The one change we need to make to fit this model is to add a formula predicting `phi` in the code below (this formula does not need the `0 + Intercept` syntax of the main model). We wrap both formulas in the `bf` function to indicate they are both distributional parameters. We also need to change the prior argument to `priors_phireg` as the priors of the model have changed as a result of adding predictors. For this model, we will put in an interaction between age and sex to see if younger/older men/women tend to have clustered or more heterogenous views on college professors. To make the model run a bit faster, we drop the `mo` terms around `education` and `income` so that they are evaluated as dummy variables.


```{r run_brms_phi}

brms_fit_phireg <- brm(bf(therm ~ 0 + Intercept + education + income, 
                phi ~ age*sex),
                data=model_data,
                family=ord_beta_reg,
                cores=2,chains=2,
                prior = priors_phireg,
                refresh=100,
                stanvars=stanvars,
                backend="cmdstanr")

```

We cannot use the `conditional_effects` option to plot because the dispersion parameter `phi` by definition does not affect the expected outcome (i.e., the average).
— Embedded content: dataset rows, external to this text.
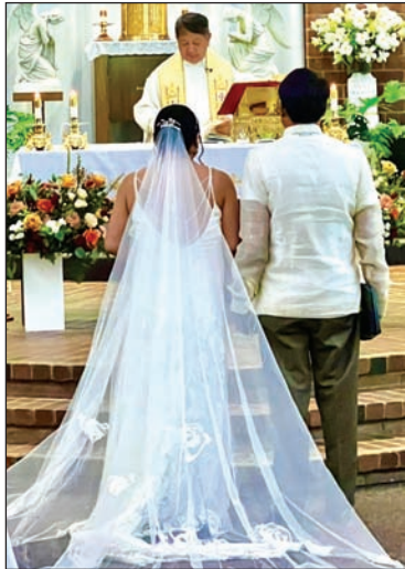
Readings and Blessing

While preparing to entering the hot spring resort, I was approached by a person. As I looked over at this person, I see Lancelot! Like a sudden rush of shock,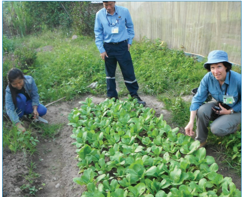
Economic development for mine impacted communities

Appropriate strategies to engage with key stakeholders during the project can then be developed and implemented in collaboration with your staff.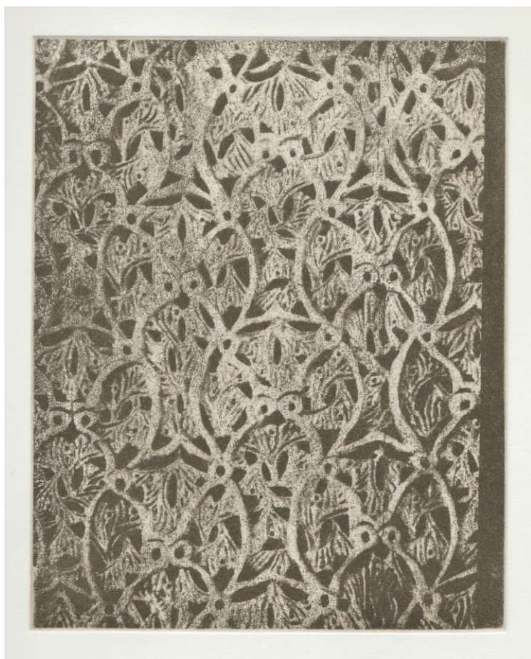
Acquatint on aluminum plate, mm. 200x160

Since 2016 she focused her work on engraving in her print studio, which is located in the heart of Palermo's historical centre, where she's promoting the original print between local artists who are invited in her studio to produce engravings and multiples. In this way her atelier has been transformed into a place where anyone can see and examine tools, machines and etching procedures as well as graphic works from guest artists.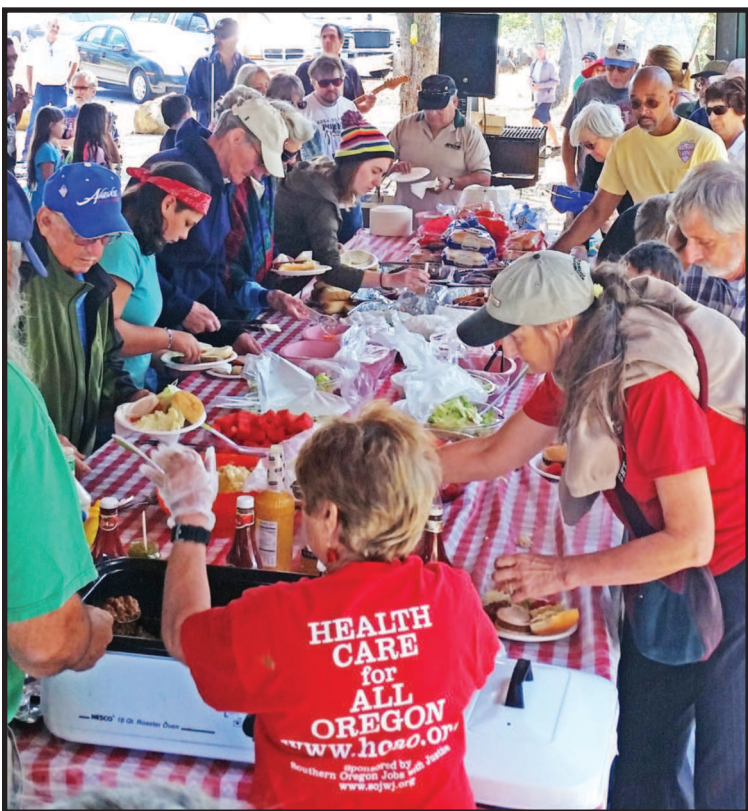
The Southern Oregon Central Labor Chapter Labor Day picnic attracted a festive crowd of nearly 175 to Emigrant Lake in Ashland.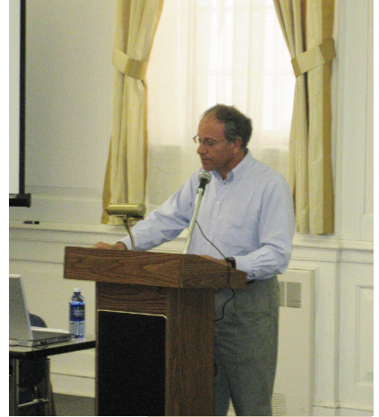
Tomás Hirsch during his presentation at McKeldin Library

Tomas Hirsch is presently a member of the Humanist International. He is dedicated to promoting the regional organization of Latin-American Humanist Parties and Social Organizations. In 1983 he helped found the Chilean Humanist Party, becoming its president from 1994 to 1999. He was also one of the founders of the Coalition of parties for Democracy (CPD) and served as Chile's ambassador to New Zealand between 1990 and 1992, under the democratic government of Patricio Alwyn.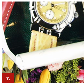
Example 7 ORACAL® 1610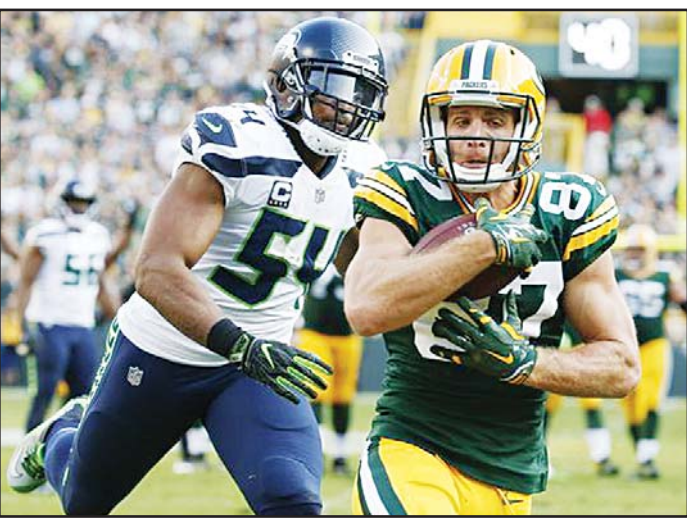
Green Bay Packers' Jordy Nelson catches a touchdown pass in front of Seattle Seahawks' Bobby Wagner during the second half of an NFL football game on Sept 10, in Green Bay, Wisconsin.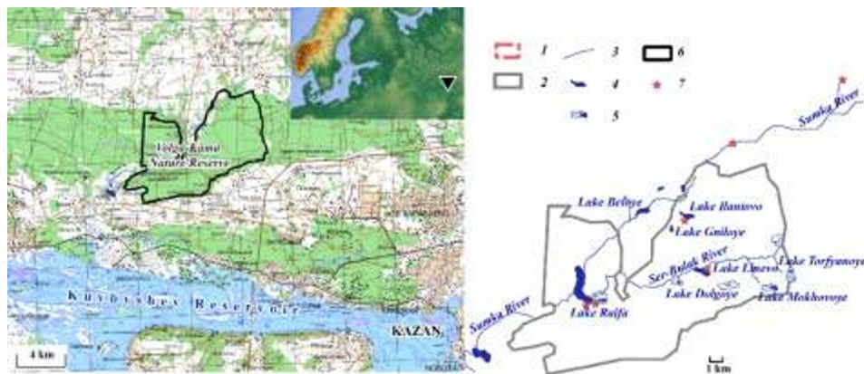
Fig. 1. Scheme of a trial plot to determine the influence of beaver on near-river floodplain vegetation. — round plot with radius R=17,84 m; — "inland transects" ( 3\text{ m}\times 7\text{ m} ), — "bank transects" ( 3\text{ m}\times 7\text{ m} ), — test plots ( 1\text{ m}\times 1\text{ m} ); — starting point with notation sign.

Instead, we can uses the regular `plot` function to visualize the parameters:

```{r plot_phi}

plot(brms_fit_phireg,pars = "phi",fixed = F,ask=F,combo=c("intervals","hist"))

```

There is weak to moderate evidence in this plot that women have more homogenous views and that older women have more homogenous views than younger women. However, there is substantial uncertainty in this estimate and the estimate itself is not very large. We are using the log link for `phi`, so to get the value of the effect on `phi`, we can exponentiate the coefficient, i.e. `exp(0.1)=``r round(exp(0.1),2)`. We can compare what the distributions look like by plotting histograms of simulated outcomes using the Beta distribution and the average response in our data, which is `r round(mean(model_data$therm,na.rm=T),2)`. We will examine a 1-unit change in `phi` (much larger than our estimated effects) from 2 to 3 by using the average response for `mu` and plotting the density of both distributions:

```{r plot_phi_sim}

# parameterization of beta distribution in terms of mu/phi (mean/dispersion)
rbeta_mean <- function(N,mu,phi) {
  rbeta(N,mu*phi,(1-mu)*phi)
}

tibble(phi_small=rbeta_mean(10000,mean(model_data$therm,na.rm=T),2),
       phi_big=rbeta_mean(10000,mean(model_data$therm,na.rm=T),3)) %>% 
  gather("phi_type","simulated_value") %>% 
  ggplot(aes(x=simulated_value)) +
  geom_density(alpha=0.5,aes(fill=phi_type)) +
  theme(panel.background = element_blank(),
        panel.grid=element_blank())

```

We can see that the `phi_big` distribution is more clustered around a central value while `phi_small` shows more movement towards the extremes of the distribution. However, the movement is modest, as the value of the coefficient suggests.